Motorcycle parked in the middle of a muddy back road.

Desert solitude in Western Utah

The highlight of the TAT comes more than 3,000 miles in, when the prairie collides with the Rocky Mountains. I rode over dizzying passes where the air is thin and the riding becomes technical. I then descended into Moab, where wind and water form the red rock into fanciful shapes and where one could easily spend a whole year and not exhaust the riding opportunities. Suddenly I went from seeing only the occasional TAT rider to being one of an endless stream of motorcycles, side-by-sides, quads, and Jeeps. The crowds of weekend warriors and part-time adventurers vanished as quickly as they came, as I exited the Canyonlands and continued west through a remote and rarely-visited part of Utah. 

The solitude was immense. I stopped at a spigot in a field where wild horses drank. They stamped and shook their heads at me as I filled up my water bottles, angry that they had been interrupted. Gravel crunched under my tires as I continued down through Death Canyon before it opened up into a wide flat salt plain. The sun was low in the sky as I set up camp on this seldom-traveled road next to sand dunes. It had been hours since I had seen another person, and there was no sign of any human life as far as I could see.

The silence of the desert that night lay thick as a blanket over my tent, under a sky studded with stars. I awoke early to a perfect pink sky at dawn and hunched over my little stove to cook breakfast. My morning bath was in a nearby warm spring, the water gushing over a small waterfall into a crystal clear pool. 

Woman camping in the desert with a tent and her motorcycle sitting nearby.

The roads were straight, wide, and empty. I twisted my throttle and blasted across the desert, my speedometer reading 50, 55, 60, and higher as I left a plume of dust in my wake. I still had thousands of miles left to go. 

Winter approaches 

I had started this journey later in the year than I should have, given my pace. It was already late September by the time I made it to Oregon, the last state on my journey. The peaks of the Cascades were already dusted with snow, and on a particularly cold day, I piled on the layers and discovered that my heated grips had broken somewhere along the way. By the time I got to the next town, I stopped at a local campground even though it was only 1 p.m. and crawled into my tent in an attempt to warm up. 

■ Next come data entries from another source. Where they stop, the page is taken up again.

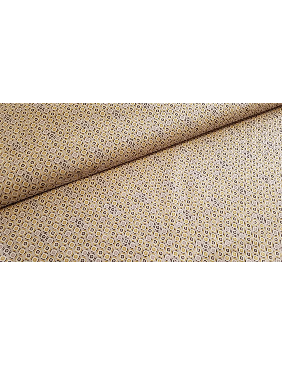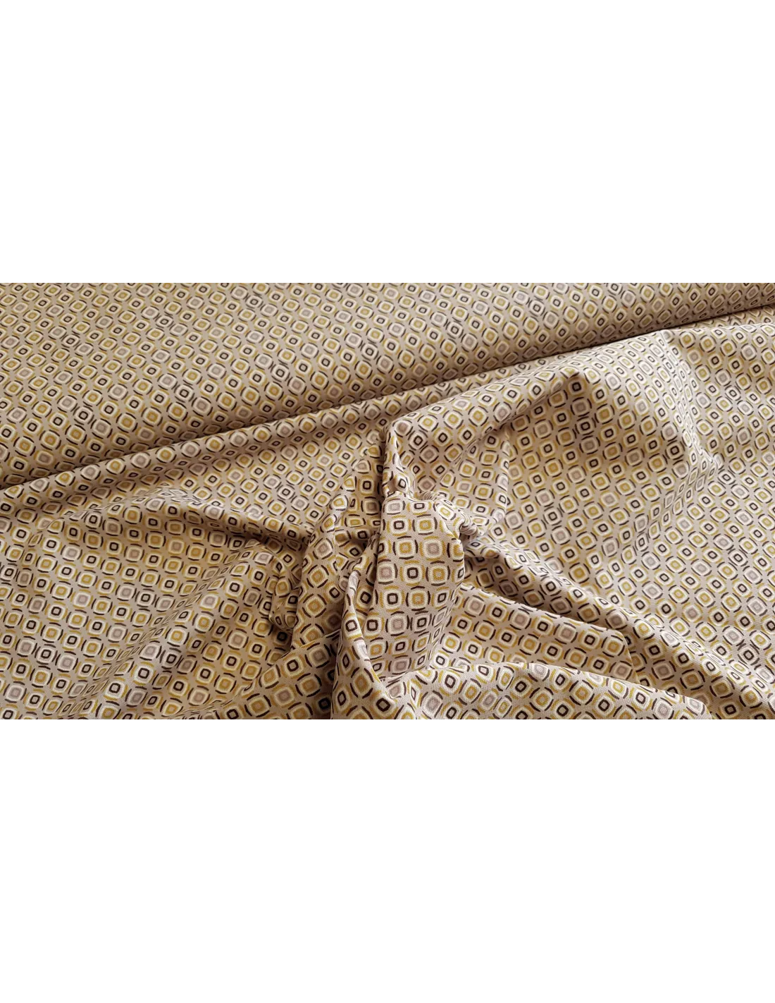 Cretonne de coton à imprimés losanges colorés sur fond parme. Ce tissu est plus épais qu'une popeline.
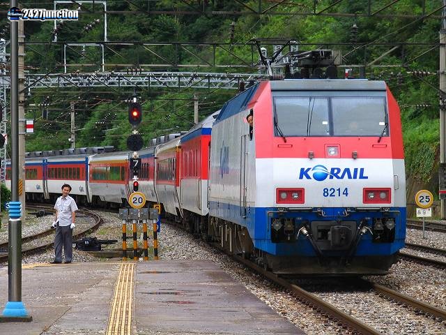 ![]() | 電気機関車が牽引するムグンファ号。中央線、太白線、嶺東線、忠北線、湖南線のムグンファ号は電気機関車牽引列車である。 太白線 甑山にて |
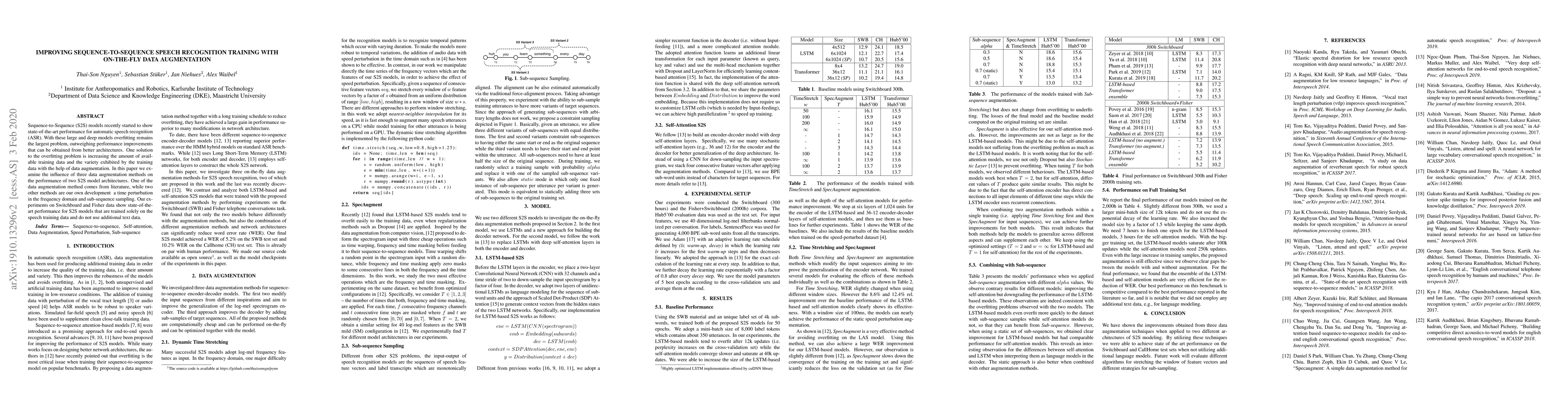 Sequence-to-Sequence (S2S) models recently started to show state-of-the-art performance for automatic speech recognition (ASR). With these large and deep models overfitting remains the largest problem, outweighing performance improvements that can be obtained from better architectures. One solution to the overfitting problem is increasing the amount of available training data and the variety exhibited by the training data with the help of data augmentation. In this paper we examine the influence of three data augmentation methods on the performance of two S2S model architectures. One of the data augmentation method comes from literature, while two other methods are our own development - a time perturbation in the frequency domain and sub-sequence sampling. Our experiments on Switchboard and Fisher data show state-of-the-art performance for S2S models that are trained solely on the speech training data and do not use additional text data.
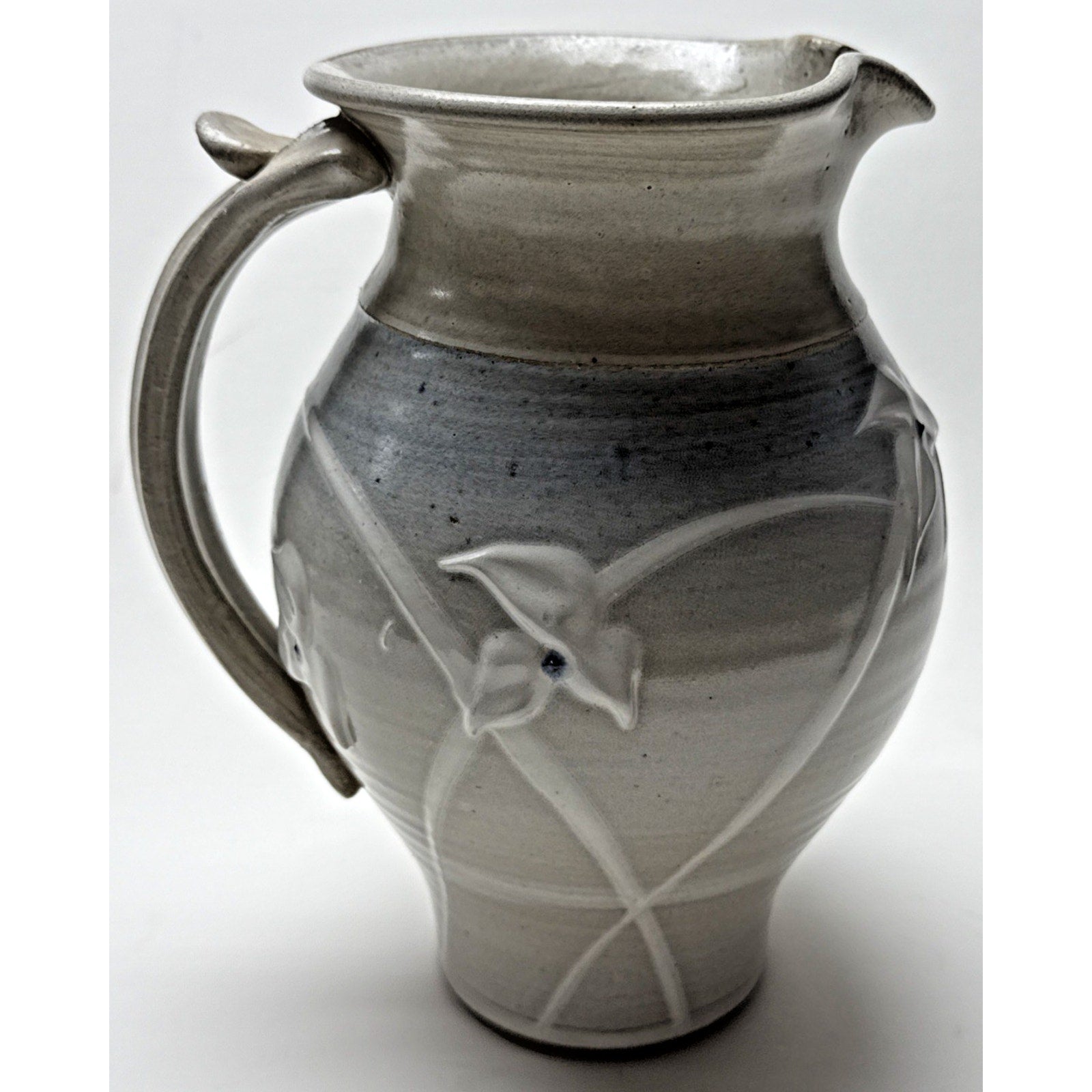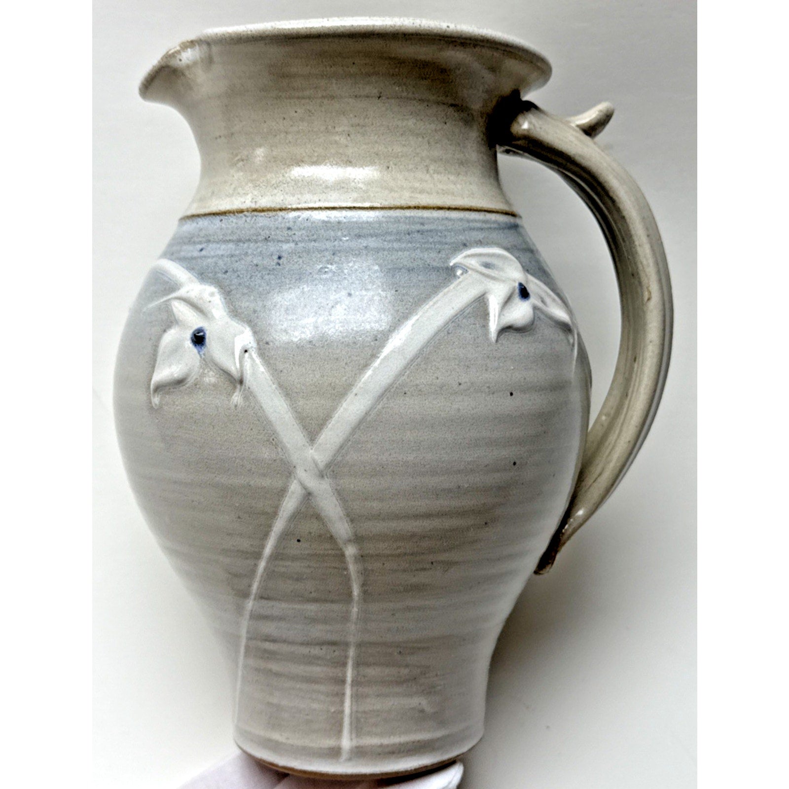 Noble Studio Art Pottery Pitcher Bowl Basin Trillium Blue White
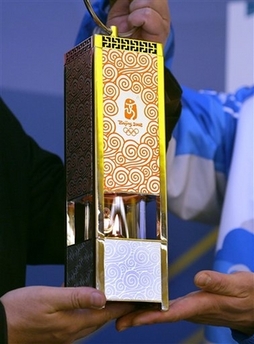 Jiang Xiaoyu (L) executive vice president of the Beijing Organizing Committee of Olympic Game, and an handler (R) holds the Olympic flame, shortly after arriving at San Francisco International airport, April 8, 2008. [Agencies]
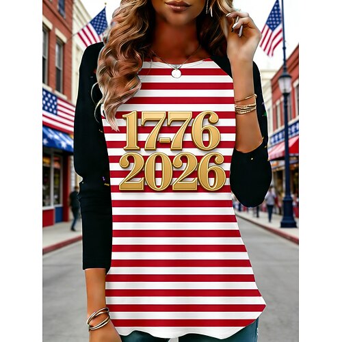 Amerikanischer Unabhängigkeitstag Damen T Shirt T-Shirt Grafik Gestreift Mode Stilvoll Klassisch Langarm Rundhalsausschnitt Normale Oberteile Täglich Wochenende Urlaubskleidung Druck Rote Frühling
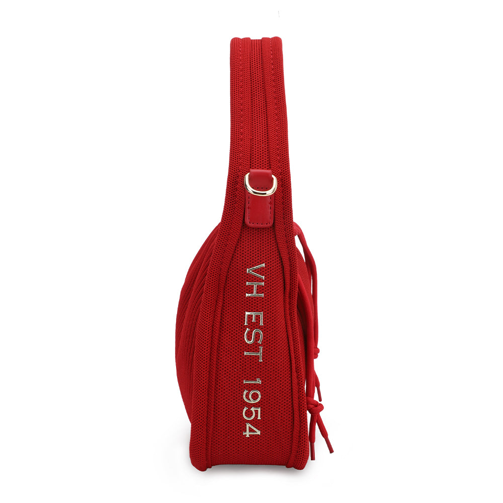 The Aurora Bag in red combines a stylish ribbed texture with a practical drawstring closure, offering both visual appeal and secure storage. Its design ensures easy access while keeping your essentials safe, making it a versatile accessory for everyday use.

A few days more and the end came in a rush. A small sign with an arrow said “coast.” Someone had stuck a TAT sticker on it. After one final “pavement ends” sign, the smell of the Pacific Ocean arrived before the sight of it. I turned onto the 101, the long coast highway that eventually leads to my California hometown, and rode a short distance to Port Orford. I turned at one of the fish restaurants and went down the small path to Battle Beach. The bike squirmed onto the soft dry sand before making it to the firmer dark wet sand; waves lapped over my tires, and with a baptism in saltwater, my journey had come to an end. 

Woman riding a motorcycle along the beach in Oregon at Port Orford.

What had been an entirely solo journey would soon become a group celebration. Kevin, who I had met earlier in Bend, Oregon, pulled onto the beach only a few hours after I did. Then a couple, Amy and another Kevin, rode up on a Zero electric motorcycle. “I can’t go that far onto the sand,” he said, laughing. “This bike is too heavy!”

While we had never ridden together, we had shared the joy and hardship of the route. That night at the campsite, we shared stories over a bottle of wine I had bought to celebrate. Amy said, “It sounds kind of strange, but I think of the TAT like a pilgrimage.” 

In the subsequent days I reflected upon that thought. Yes, the TAT is not the best or the most stunning ride across the U.S. It’s days of boring and lonely gravel roads, with little more to see than small-town dollar stores and endless forests. But the TAT is special in a different way, in the uniqueness of being able to ride across a continent almost entirely off-road, on a route that’s remained almost totally unchanged for decades. This shared experience bonded me with everyone that had done the TAT before and all who would do it after I had left.

While riding across the U.S. had not been my first choice for adventure, it left me with an experience that I couldn’t have had anywhere else.